The Farquhar Park Pool is drained and suitably feted for its years of service.
After the bulldozer does its dirty work, the YMCA’s Graham Aquatic Center will fill its void, complete with a 16-lane indoor pool with an accompanying outdoor pool.
The Farquhar Park Pool area has long been a center of activity – with the park next door, trolleys running nearby, and an adjacent amusement park thrilling thousands for years.
And the pool was the center of a racial controversy in the late 1940s after the city closed the pool rather than allow blacks the opportunity to swim there… .
The Boys Club later operated the pool, and people of all races eventually were allowed to swim there.
From that point of view, perhaps the racism long associated with this pool will be dumped and buried in the landfill along with its concrete.
Jim Hubley’s 2005 column gives a glimpse into the life of the 1920s vintage pool:
Beyond the fact that I am qualified to be one, I never have developed a passion for antiques or collectibles — junk, to my way of thinking.
Many friends are different and relish old things, enjoy seeking and collecting antiques.
They preach that anything which has existed at least 50 years or more must be considered rare, precious and, possibly and hopefully, valuable.
Humans formerly also were regarded as relics after reaching the age of 50, but today life expectancy has been extended a few decades or more, thank goodness.
So while antiques are not my thing I do respect humans, or even anything which has soared way beyond 50 years and still is doing all right.
I began to think about all this recently while driving on North Newberry Street, aside Farquhar Park on my left, the Ferguson Elementary School on the right and the sight of the swimming pool directly in front.
There were swimmers on that hot afternoon, and the thought struck me, “Good grief, how long has that pool been here?”
I learned to swim in that pool but haven’t been in it for many years. I am familiar with its somewhat rocky-road background, financial problems. It was closed several seasons, locked by polio, Sunday blue laws, racial difficulties, political mishandling, even drownings.
I followed with some exploring and was shocked. The pool was opened Thursday, July 8, 1922. A private group, Community Swimming Pool Association, was the owner. That was 83 years ago. It follows that the pool should command some respect for its age and should not be forgotten when historians write about important places in York’s history.
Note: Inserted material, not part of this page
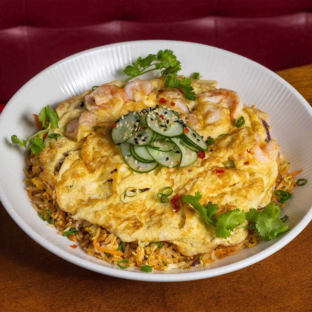 Arroz frito ao wok com frango, ovo e palha de wonton frito, acompanhado de molho de tamarindo.

When I tell my grandchildren and great-grandchildren about that pool they know I am not teasing them. All they have to do is see for themselves.
However, when I try to tell them about the amusement park right beside the pool they scoff and say, “Come on. That’s a school beside the pool.”
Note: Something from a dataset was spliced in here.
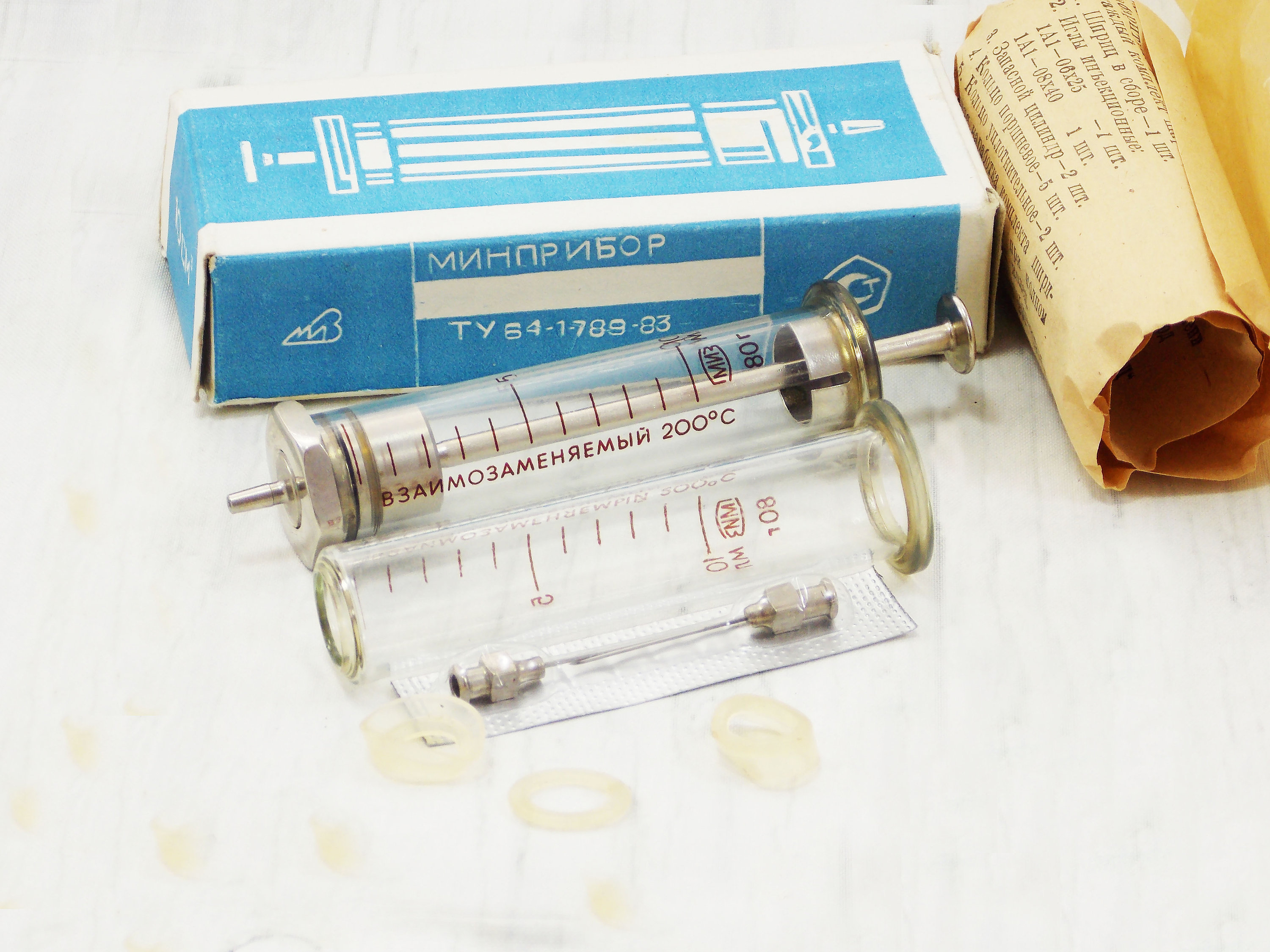 This vintage syringe was made in the 1980s in the Soviet Union. This 10 ml of glass and metal syring...

I am certain there are countless other Yorkers and York countians who are not aware there once was an amusement park there.
Shortly following the opening of the swimming pool, the amusement park was erected, before Disney World, Six Flags, Hersheypark and other gigantic amusement havens of the current age.
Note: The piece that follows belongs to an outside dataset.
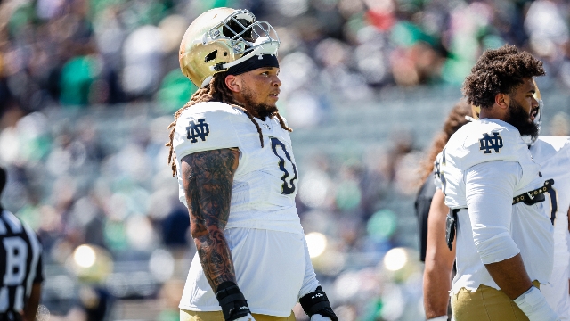 Former Oregon defensive tackle Tionne Gray transferred to Notre Dame to compete for a bigger role and a National Championship. Now back in the Midwest, the 6-foot-6 lineman is embracing the standard, the competition and the chance to elevate his game under DL coach Charlie Partridge.

The park had everything an amusement park required — plus a huge dancing facility, White Rose Crystal Ball Room. Within the open-air structure was a restaurant. No bars in those days of prohibition. The dance hall was oval-shaped with a high ceiling.
Top flight orchestras provided music as the big band era was just getting under way.
The pride and joy of the park for thrill-seekers, naturally, was its huge roller-coaster, which traveled over a right angle route with the usual thrilling long, steep drop, sharp curves and screaming passengers.
It was the ideal spot for a fellow to take a date and hold on tight to her, at 15 cents a ride.
There were airplane swings for the less daring, the banging vehicles known as the Whip, an arcade and a merry-go-round for the youngsters and timid elders. Admission to the park was free, as was parking.
It must be remembered private automobiles were not as numerous as today. Most patrons came from York and York County via trolley cars, none of which were less than two or three blocks away from the park site. That was one reason the park did not fare so well, too far to walk up hills.
There were many other factors which doomed the park, which should have become as popular as the pool.
Combined with the Great Depression, which later followed the park’s opening, was opposition to Sunday amusements by York religious forces, which demanded strict observance of Sunday blue laws.
Eventually, the park died a horrible death, rotting and deteriorating until the city bought what was left for $15,000. Later, the Ferguson school was erected, but the pool remains.
Truly, I must respect that pool for its old age because I suddenly remembered my parents took me to the pool the day it opened!